Amid high unemployment, a struggling economy and a still-devastated real-estate market, the nation is closing out the year with 157 bank failures, up from 140 in 2009. As recently as 2006, before the bubble burst, there were none.

Now, there are more on the horizon.

The FDIC’s list of “problem” banks — those whose weaknesses “threaten their continued financial viability” — stood at 860 as of Sept. 30, the highest since 1993. Historically, about a fifth of banks on the watch list end up failing.

Bank failures have left the FDIC insurance fund in the red, but the agency predicts that it will have more than enough money to meet the anticipated cost of failures through 2014.
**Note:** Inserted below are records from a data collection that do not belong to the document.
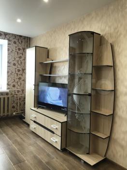 В квартире сделан косметический ремонт. Есть всё необходимое для жизни: на кухне и в комнате установлена мебель, а также имеется необходимая техника — холодильник и стиральная машина. Санузел совмещённый.
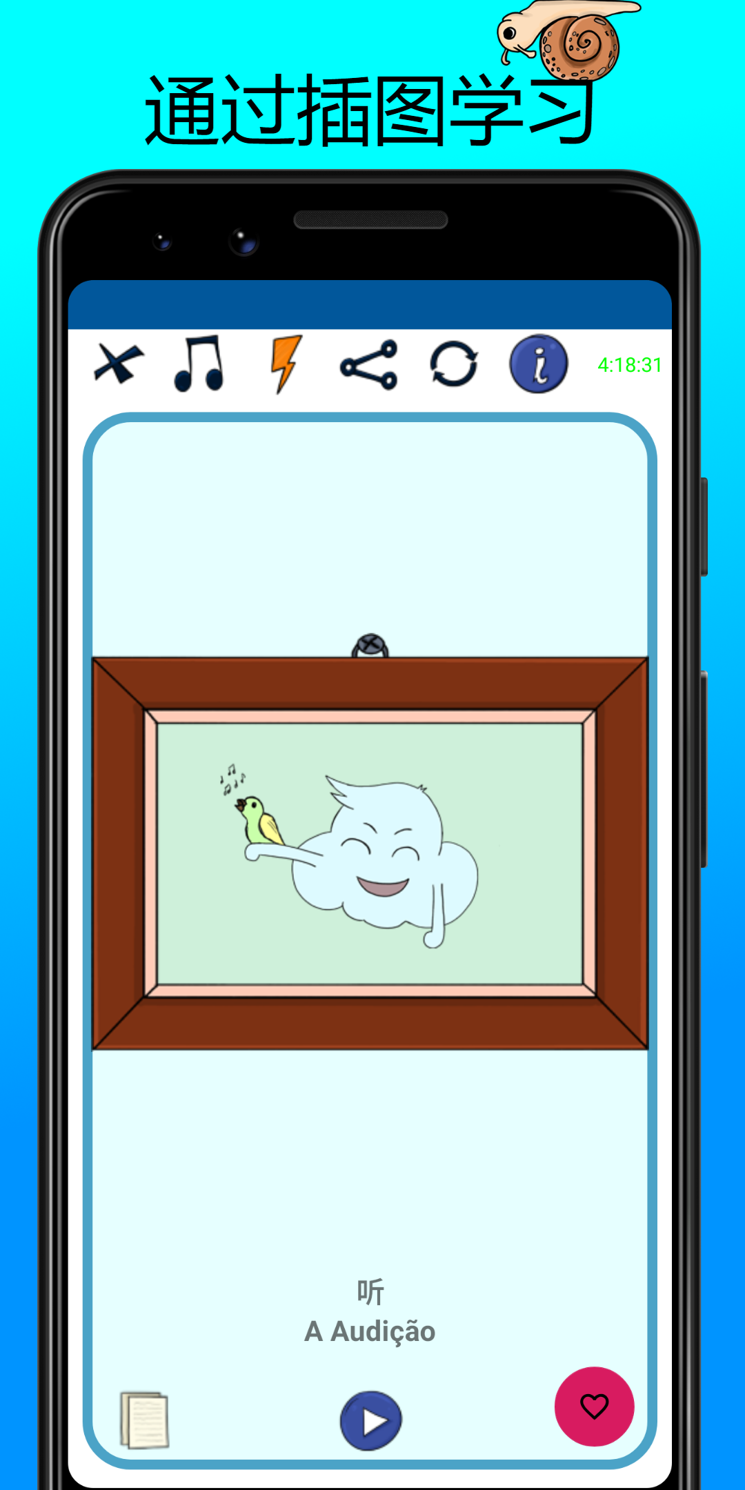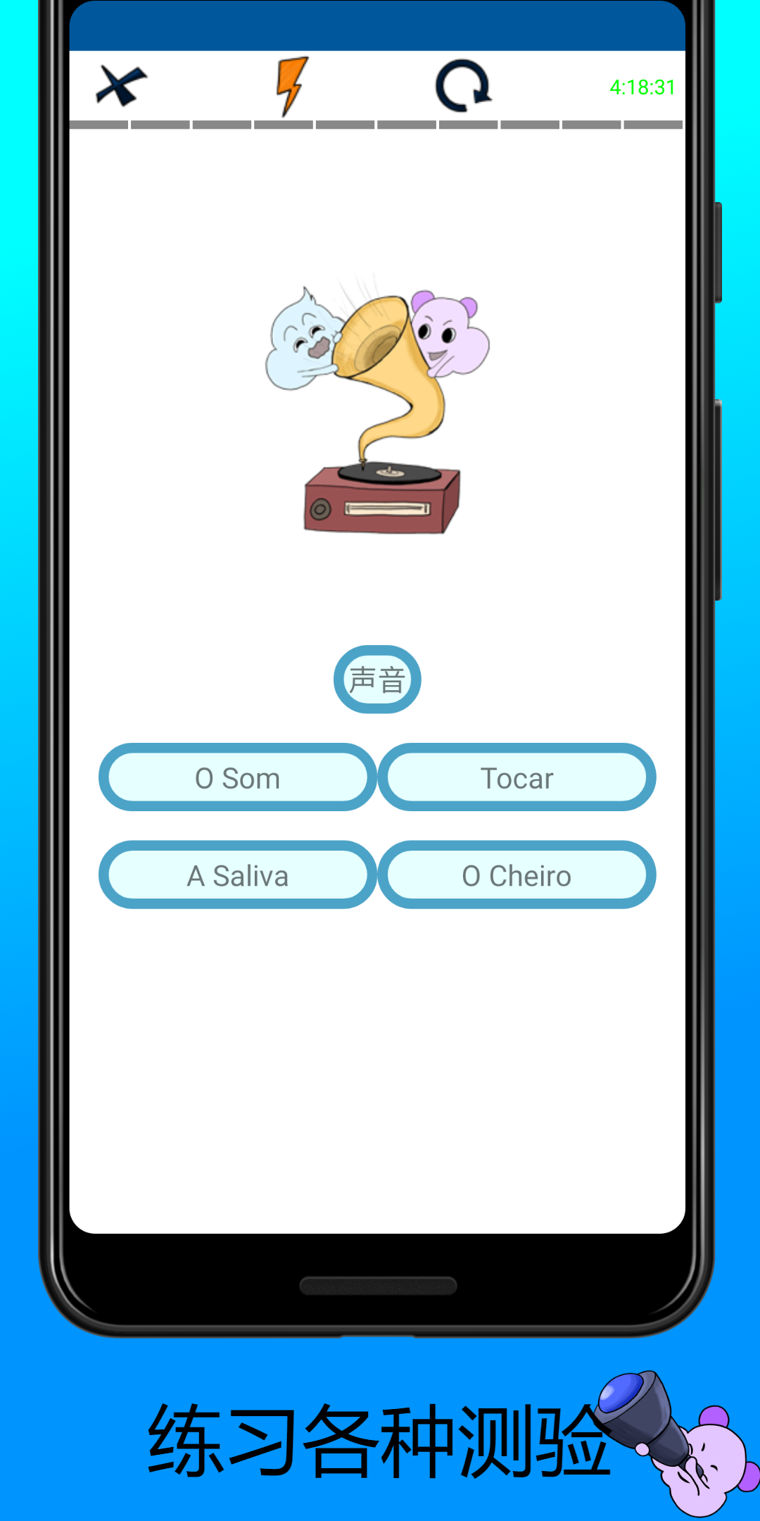 听音辨意、听音选词、听音写词、单词拼写、听音速记等专为葡萄牙语学习者设计的复习方式,寓教于乐,让葡萄牙学习不再枯燥。
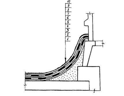 Рис. 5.32. Конструктивное решение примыкания кровли к сборным железобетонным ограждениям: 1 - железобетонная плита, 2 - стяжка, переходящая в выкружку, 3,4- грунтовка и мастика Абрис®Ру, 6, 8 - мастика БСКМ, 5,7- ткань или нетканка, 9 - защитный слой мастики БСКМ, 10 - присыпка слюдяная или резиновая крошка
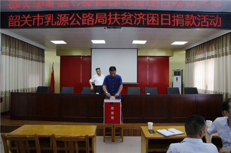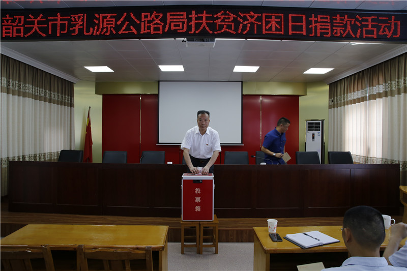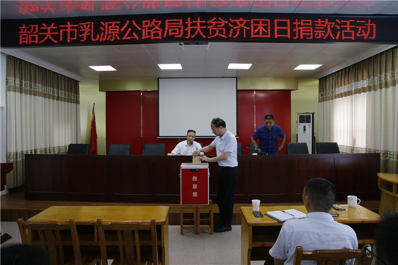 7月1日上午,乳源公路局在机关八楼会议室举行2019年“广东扶贫济困日”活动捐款仪式,局领导班子、机关全体人员及养护所副所长以上人员到场捐款,以实际行动参与扶贫济困。分管精准扶贫工作副局长陈健萍主持仪式。

As the financial crisis of recent years recedes, the FDIC has been predicting that 2010 will be the high-water mark for bank implosions.

“Going forward, the FDIC looks to see fewer failures,” agency spokesman Greg Hernandez said.

Some industry observers agreed.

“I think we’re over the hump of the problem but far from the end,” banking consultant Bert Ely said.

Gary Townsend, owner of Hill-Townsend Capital, said the industry is not merely out of the woods but “far beyond the woods.” By one measure, the trouble is already abating. On average, the banks that failed this year were much smaller than the banks that failed last year.

Altogether, banks that failed in 2010 had assets of $92.1 billion, down 45.7 percent from $169.7 billion for banks that failed in 2009.

“These are very small institutions,” Townsend said. “The total assets that they represent is insignificant compared to the financial system as a whole. It’s quite manageable.”

The list of failed institutions at the FDIC is filled with community banks that would not be considered “too big to fail.”

The loans that brought them down were predominantly commercial loans, Hernandez said, which sets them apart from the banking giants whose problems were rooted in home mortgages.

About half of the 2010 failures involved banks based in four states: California, Florida, Georgia and Illinois.

As of Sept. 30, the FDIC insurance fund for bank deposits had a balance of negative $8 billion. But that doesn’t include reserves such as premiums collected in advance from the banking industry.